Kenneth
Blickenstaff
Ken L. Blickenstaff has managed and conducted a broad range of healthcare investigations as well as providing fraud awareness and prevention methods to clients. Ken specializes in assisting providers with risk assessments as part of the overall development and implementation of corporate compliance programs. He has also done extensive work related to Corporate Integrity Agreements including annual compliance audits and mandatory training. He also assists payers and government program administrators develop fraud detection techniques as part of claims processing functions.
Ken jointly formed BlickenWolf LLC in 2003 after spending over five years at Deloitte & Touche and nearly two years at KPMG. Prior to that, he served nearly four years as the Director of a Medicaid Fraud Control Unit and former law enforcement officer assigned exclusively to healthcare fraud prosecution. In 1995 and 1996, he was the President of the National Association of Medicaid Fraud Control Units, a group of State based investigators and auditors whose mission is to combat, police, and prevent healthcare fraud and abuse. His anti-fraud efforts involved federal task force investigations in conjunction with the Federal Bureau of Investigation, the Office of Inspector General, Postal Inspectors, and various other federal, State, and local law enforcement agencies.

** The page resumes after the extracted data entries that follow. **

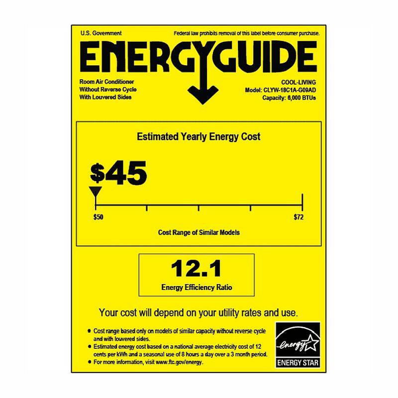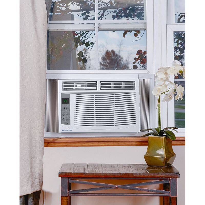 Keep cool with this powerful high-efficiency Cool-Living 6,000 BTU 115-Volt Window Air Conditioner. This Energy Star rated air conditioner is high-powered, yet easy on electricity bills. It features a digital thermostat, remote control and multiple cooling and fan modes. The oscillating fan moves lots of cool air around the whole room. This air conditioner with digital display is easy to use and saves your preferred settings even when the power goes out. The programmable 24-hour timer allows you to set the unit to come on or turn off even when no one is home. The window air conditioner with remote can be adjusted from anywhere in the room for added convenience. A window installation kit is included for vertical-opening windows, making the air conditioner simple and quick to install.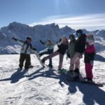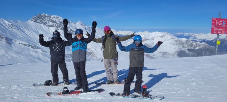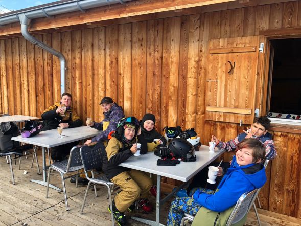 Ab Montag wurden die Pisten erobert. Die Kinder machten grosse Fortschritte und bald kurvten alle sicher mit Skiern oder Snowboard die Hänge hinunter. Wir genossen traumhaftes Wetter und bestens präparierte Pisten, auch wenn nur die beschneiten Abschnitte befahren werden konnten. Dreimal nahmen wir das Mittagessen direkt im Skigebiet ein und genossen Sandwiches, Äpfel und Riegel an der Sonne. Währenddessen arbeitete das Küchenteam im Hintergrund mit grossem Einsatz und rüstete stundenlang Nüsslisalat.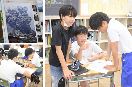 火山の学習です。火山活動がその土地に及ぼす影響について勉強しています。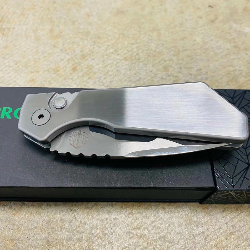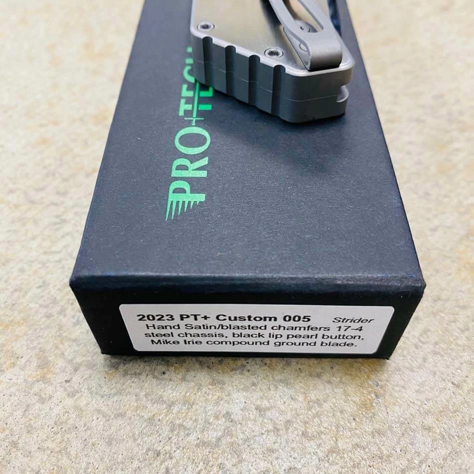 Be the first to review “ProTech 2023 Strider PT+ Custom 005 Hand Satin/Blasted Chamfers 17-4 Stainless Steel Chassis, Black Lip Pearl Button, Mike Irie 154CM Blade Automatic Knife BLADE SHOW 2023” Cancel reply

Before his extensive involvement in the healthcare arena, Ken dealt with the investigation of all types of felony white-collar crime. His work involved a large number of grand jury investigations performed in conjunction with the FBI, the Indiana State Police, and the Indiana State Board of Accounts.
Ken’s Enforcement Experience
- As the Indiana Medicaid Fraud Control Unit Director,
Ken was responsible for the coordination and oversight of statewide
investigations
involving Medicaid and other healthcare program fraud. This
activity involved the investigation of over 500 cases in a representative
two-year period and involved every conceivable category of
providers.
- In the 1995 and 1996 reporting periods for the Medicaid
Fraud Control Unit, Ken was responsible for the recovery of program
and investigative costs totaling over $6,000,000. Both were record
setting years in this category.
- While president of the National Association of Medicaid Fraud Control Units (NAMFCU), Ken was involved in many nationwide healthcare initiatives. He played an integral role in numerous global settlements, coordinating both federal and State interests. He is familiar with high-ranking officials and operations at the Department of Justice, the Office of the Inspector General, the Health Care Finance Administration, and virtually every Medicaid Fraud Control Unit in the United States.
Business Experience
Ken’s business experience since leaving law enforcement includes:
- Engagement leader for various Corporate Integrity Agreements
including training, billing engagements, and compliance engagements.
- Performed
Voluntary Disclosure engagements for various types of providers.
- Performed
risk assessments and diagnostic reviews of various types of providers
in connection with investigations of
compliance issues associated with numerous federal and state healthcare
programs.
- Developed, implemented and monitored compliance
programs in a variety of healthcare settings, from stand-alone
facilities to multi-state systems.
- Provided compliance training for large
hospital systems and physician groups.
- Performed “shadow audits” and
internal investigations in response to government intervention activities
and compliance
program monitoring in a variety of healthcare provider settings.
- Performed assessments of hospital Medicare billing systems in connection
with issues regarding supervision of resident
services.
- Performed evaluations of physician group billing
practices associated with hospitals.
- Participated in settlement
negotiations with various United States Attorneys’ Offices, the Office
of Inspector General,
and certain Medicaid Fraud Control Units on behalf of providers.
- Assisted with the development of Fraud Prevention Plans and Special Investigation Units for healthcare payers.
Education and Training
- Ken received his Bachelor and Master of Arts degrees with
honors from Purdue University in West Lafayette, Indiana and his Juris
Doctorate degree with honors from Indiana University School
of Law in Indianapolis, Indiana.
- He has published healthcare fraud related
articles for Compliance Today, the American
Bar Association, the National Association of Attorneys General,
Journal of Health Care Compliance, Healthcare Business, Chicago Daily Law
Bulletin, Law Bulletin Information Network, and Checklist to Compliance.
- He has made topical healthcare presentations at meetings sponsored by the American Bar Association, Federal Bureau of Investigation, National Association of Medicaid Fraud Control Units, National Health Care Anti-Fraud Association, Health Care Compliance Association, Corporate Compliance Forum, Healthcare Financial Management Association (and various State chapters), Professional Liability Underwriters Society, International Business Communications, Indiana Health and Life Association, Illinois CPA Society, National Congress on Health Care, and various State Bar Associations.